Expanding color flux tubes and instabilities

TL;DR

This paper analytically studies the early-stage glasma in high-energy heavy-ion collisions, revealing flux tube expansion, decay of field strength, and magnetic instabilities, with implications for understanding quark-gluon plasma formation.

Contribution

It provides a novel analytic analysis of flux tube dynamics and instabilities in the glasma, highlighting magnetic instabilities and the decay process of color fields.

Findings

Magnetic flux tubes exhibit instabilities due to Landau level fluctuations.

Electric flux tubes decay rapidly without apparent instabilities.

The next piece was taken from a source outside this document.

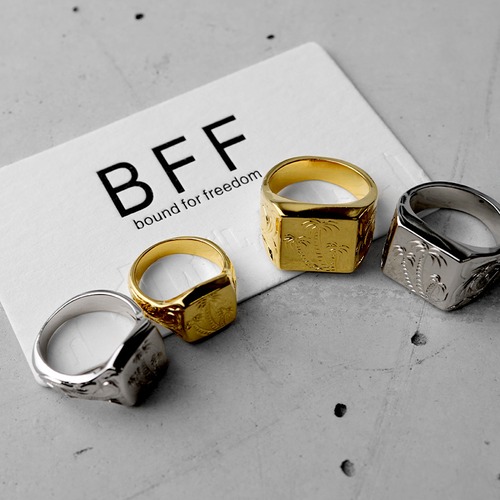 印台にハワイアンのデザインを取り入れた珍しいリング。存在感溢れるスクエア(四角)型の印台にハワイの美しい自然を身近に感じられる、ヤシの木とカモメを大胆にレリーフ。
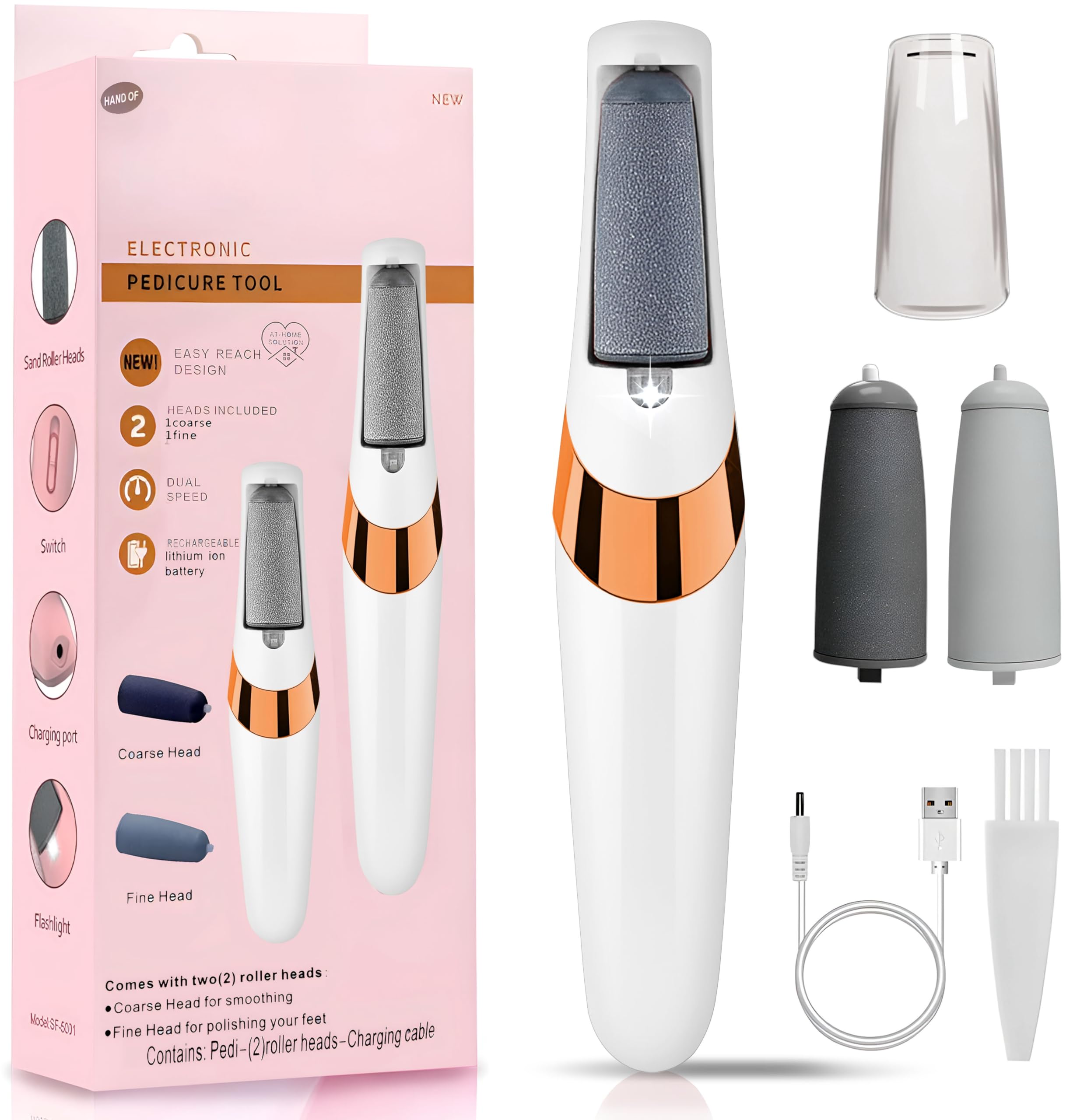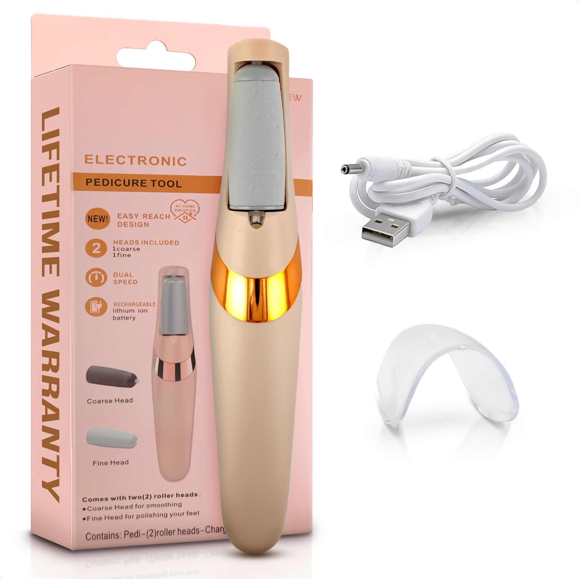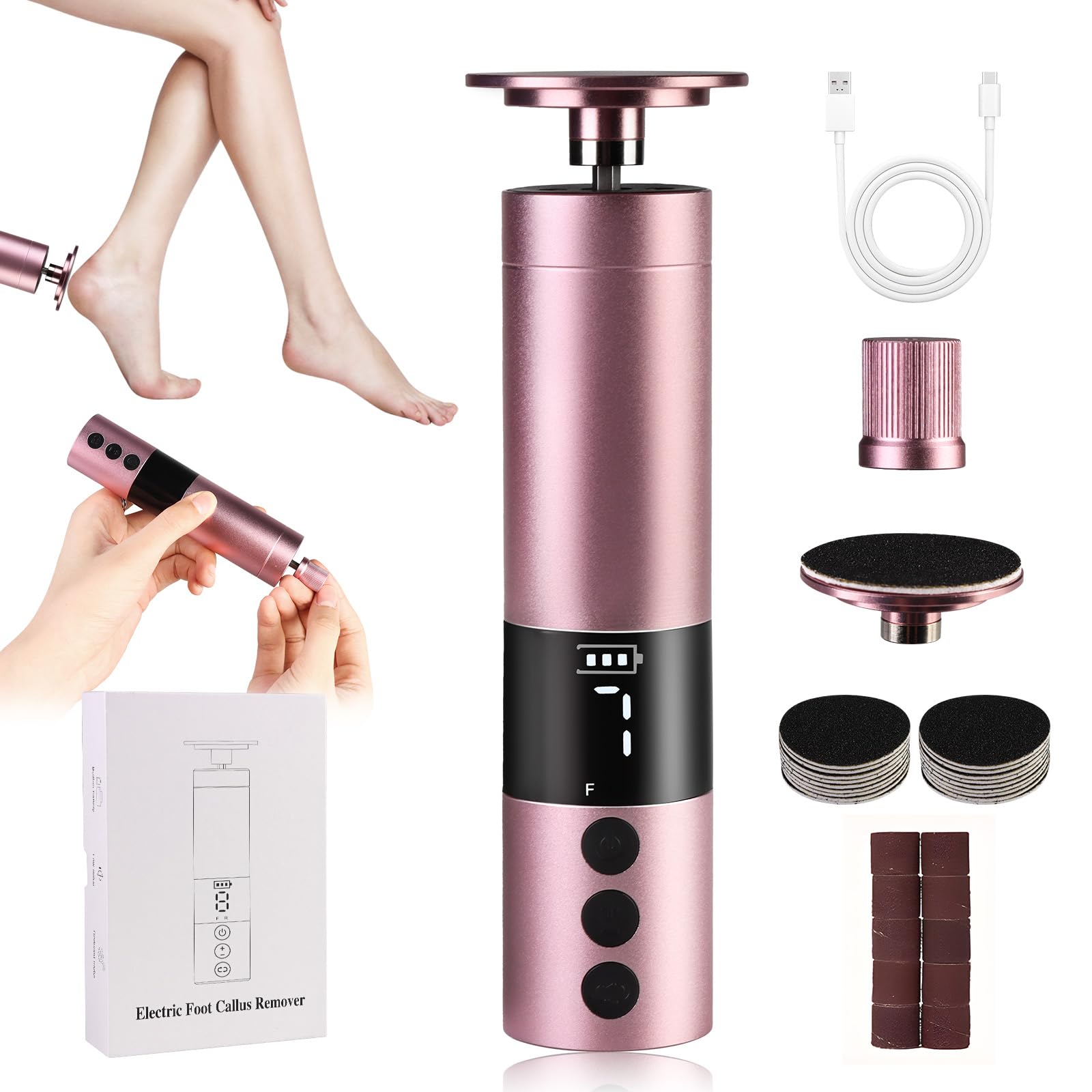 Ranrose Removedor eléctrico de callos de pies: removedor eléctrico recargable de callos para pies, herramientas de pedicura 2 en 1

Magnetic instabilities grow on the order of 1/Q_s, influencing early glasma evolution.

Abstract

We present an analytic study of the physics of the glasma which is a strong classical gluon field created at early stage of high-energy heavy-ion collisions. Our analysis is based on the picture that the glasma just after the collision is made of color electric and magnetic flux tubes extending in the longitudinal direction with their diameters of the order of 1/Q_s (Q_s is the saturation scale of the colliding nuclei). We find that both the electric and magnetic flux tubes expand outwards and the field strength inside the flux tube decays rapidly in time. Next we investigate whether there exist instabilities against small rapidity-dependent perturbations for a fixed color configuration. We find that the magnetic background field exhibits an instability induced by the fluctuations in the lowest Landau level, and it grows in the time scale of 1/Q_s. For the electric background field we find no apparent instability while the possible relation to the Schwinger mechanism for particle pair creations is suggested.